Ikki Shimamura just wanted to tie the game; instead he went the distance.

The 26-year-old infielder, thriving as a regular for the first time, hit his first career grand slam as the Orix Buffaloes beat the Saitama Seibu Lions 6-2 on Monday at Seibu Dome.

Shimamura's fourth-inning blast off Hideaki Wakui (8-8) turned the game around, and Satoshi Komatsu undermined the Lions heavy hitters with seven innings of slow stuff. The victory lifted the fourth-place Buffaloes to within seven games of the Pacific League-leading Lions.

With the Lions leading 1-0 in the fourth, Wakui lost his control and the lead quickly followed.

A single on a 3-0 pitch loaded them up for Shimamura. Although he struck out swinging to end the second, the youngster entered the game hitting .360 in 100 at-bats.

Shimamura fell behind 1-2, but was then able to foul off everything near the zone. He spoiled three 2-2 pitches before taking Ball 3 and smashing a belt-high fastball over the inside part of the plate.

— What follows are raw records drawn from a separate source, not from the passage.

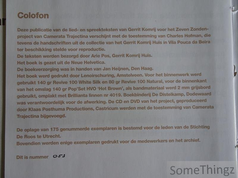 Oplage beperkt tot 175 genummerde exemplaren. Dit is nummer 053. Deze publicatie bevat: 1) een boekje met liedteksten, ingeleid door Arie Pos, 2) een boekje met spreekteksten, 3) een boekje met de facsimile's van Komrij's handschrift, 4) een dvd (opname van de oorspronkelijke uitvoering door Camerata Trajectina) en 5) een cd (spreek- en liedteksten).
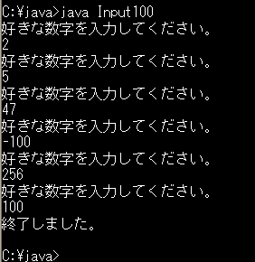 そして、無限ループであっても、そうではない普通のループであっても、ループの中で「break;」という命令を実行するとループからぬける(ループを終了する)ということになっています。これを使うとinput100.cppと同じ動作をするプログラムを次のように書くことができるのです。
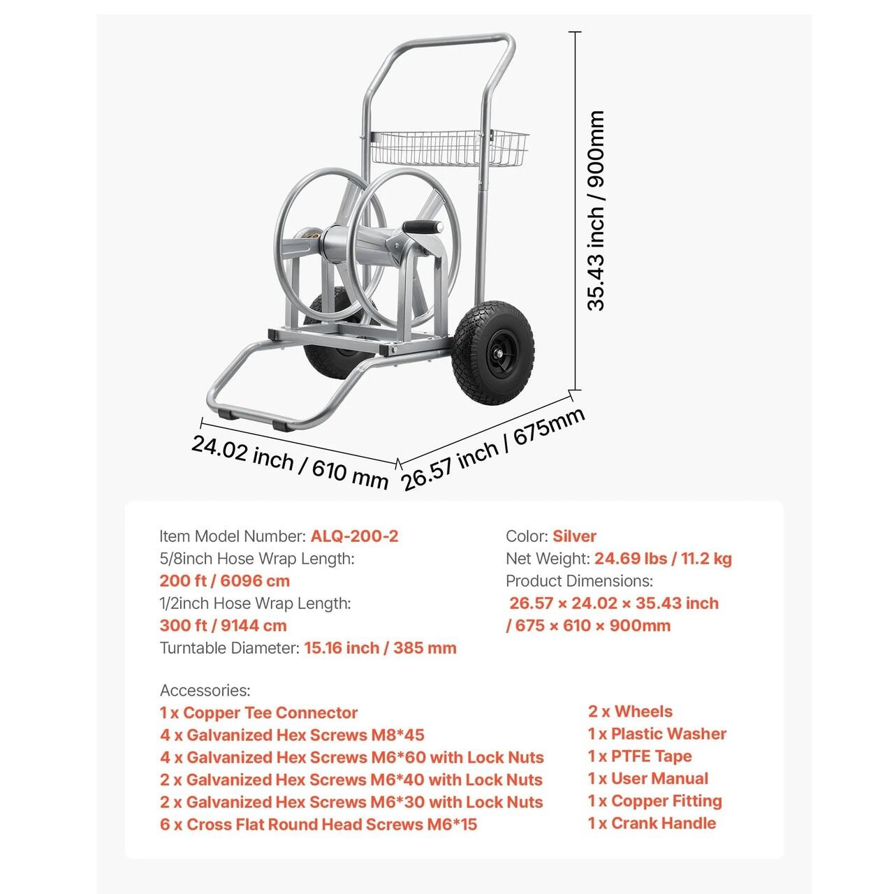 Design cu tambur mare: Acest carucior cu roata pentru furtunuri poate fi utilizat pentru furtunuri de pana la 9144 cm  de 1/2" (12,7 mm) sau 6096 cm de 5/8" (15,88 mm). Tamburul sau largit permite o incarcare mai rapida si o depozitare usoara, eliminand problemele de acces si permitandu-va sa va deplasati usor prin curti sau terase, fara a repozitiona constant furtunul.
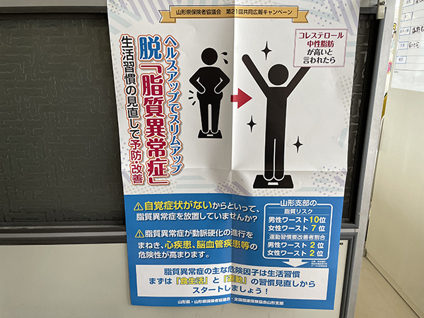 協会けんぽより、脱「脂質異常症」のポスターが届きましたので社内に掲示しますがこちらにも掲載しておきます。 山形の脂質リスクは男性ワースト10位、女性ワースト7位、運動習慣要改善者割…
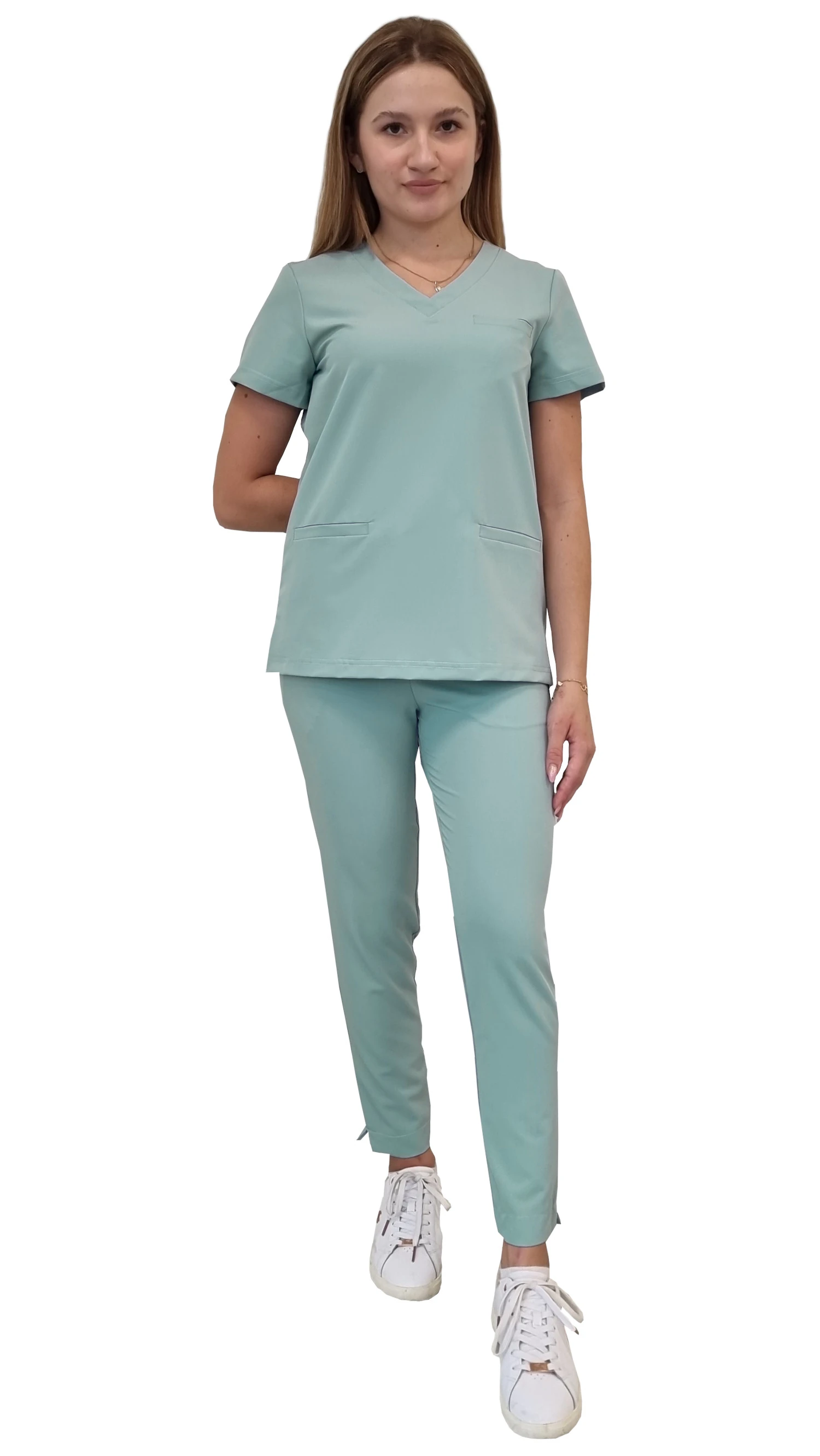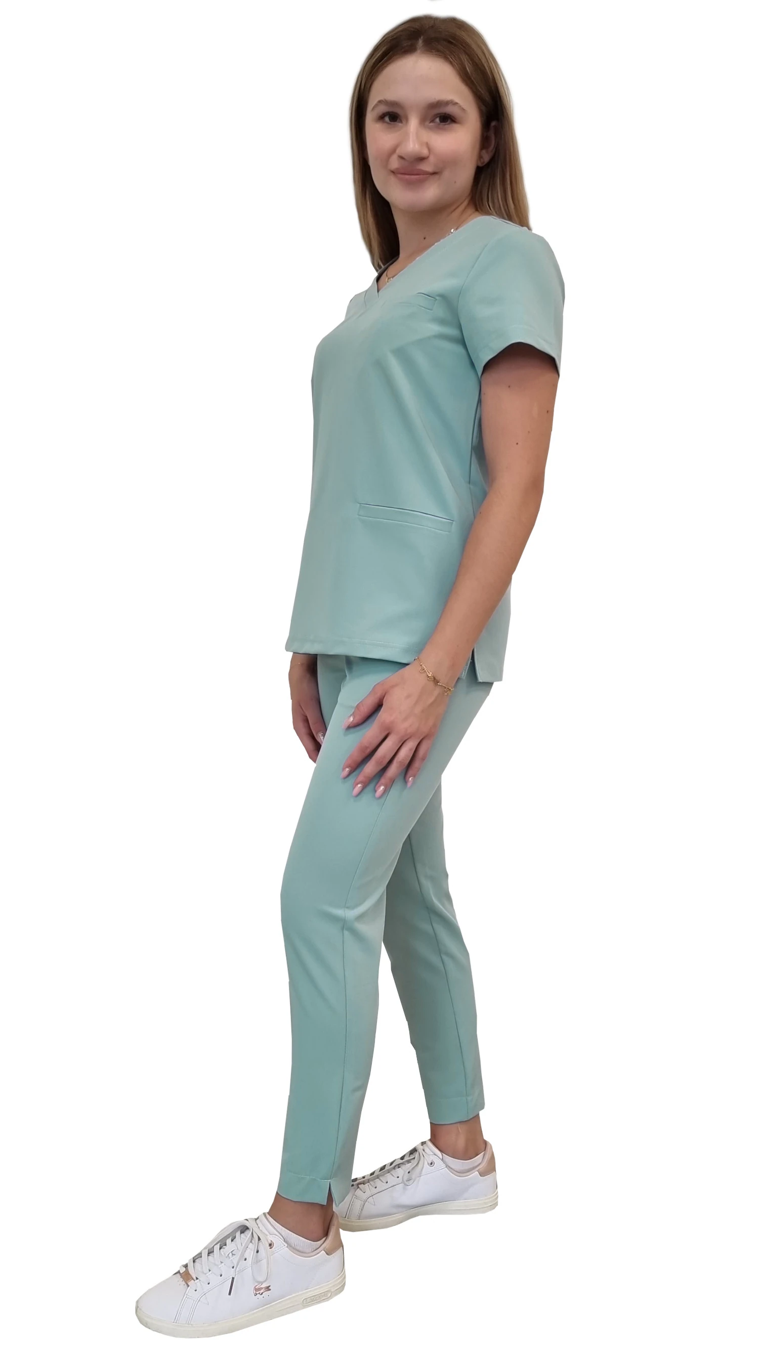 Медицински униформ, женски BASIC PREMIUM в мента цвят, това е професионален комплект, който съчетава модерен стил, удобство и висококачествена плат. Комплектът включва медицинска блуза BASIC PREMIUM и медицински панталон BASIC PREMIUM, които заедно формират надежден scrubs за работа в медицинската и beauty индустрия.

"I hit a fastball and that's what I expected 3-2," Shimamura said. "I went to the plate thinking I had to tie the game at the very least. A bases-loaded walk would have tied it, so I was going to lay off pitches out of the zone.

"It couldn't have worked out any better."

The homer was Shimamura's fifth of the year and of his career.

Wakui allowed five hits and walked three, while striking out five.

The Lions halved the Buffaloes lead in the sixth, but Alex Cabrera hit a two-run home run against his old teammates in the top of the ninth to all but complete the big cat taxidermy.

The Lions, who have feasted on Buffaloes pitchers all season, had not faced Komatsu since he was promoted to the starting rotation on April 9. They had not hit the right-hander in 3-1/3 innings of early-season relief, and it wasn't any prettier with him starting the game.

Komatsu and batterymate Takeshi Hidaka starved the carnivores on a soft diet of curves, sliders and forkballs. With exceptional command of his breaking stuff, Komatsu used the fastball sparingly and rarely put it anywhere but on the outside corner or beyond.

When he did come inside with it, the element of surprise made Komatsu's little fastball lethal.

He pitched out of a two-on, one-out jam in the bottom of the fourth, when he caught slugger Takeya Nakamura looking at a fastball on the inside corner, the first one he'd thrown there all night.

Lions leadoff hitter Yasuyuki Kataoka opened the scoring by manufacturing a first-inning run. He singled on a first-pitch fastball away, stole his Japan-best 35th base and went to third on a grounder to second.

From third, Kataoka strolled home on Hiroyuki Nakajima's sacrifice fly to deep center.

Although the Lions had just one hit through three innings, the run looked big with Wakui in charge.

In the fourth, the right-hander was two thirds of the way through an easy inning, when he couldn't throw a strike.

With a man on, Hidaka singled off a 3-0 fastball to keep the inning alive. Wakui got ahead of Shinji Shimoyama 0-2 only to walk him on six pitches and load the bases for Shimamura, who delivered the big blow.

The Lions trimmed the Buffs' lead in the bottom of the sixth, with Kataoka again scoring on an out by Nakajima.

Komatsu allowed two runs, one earned. He gave up four hits and issued two walks while striking out seven.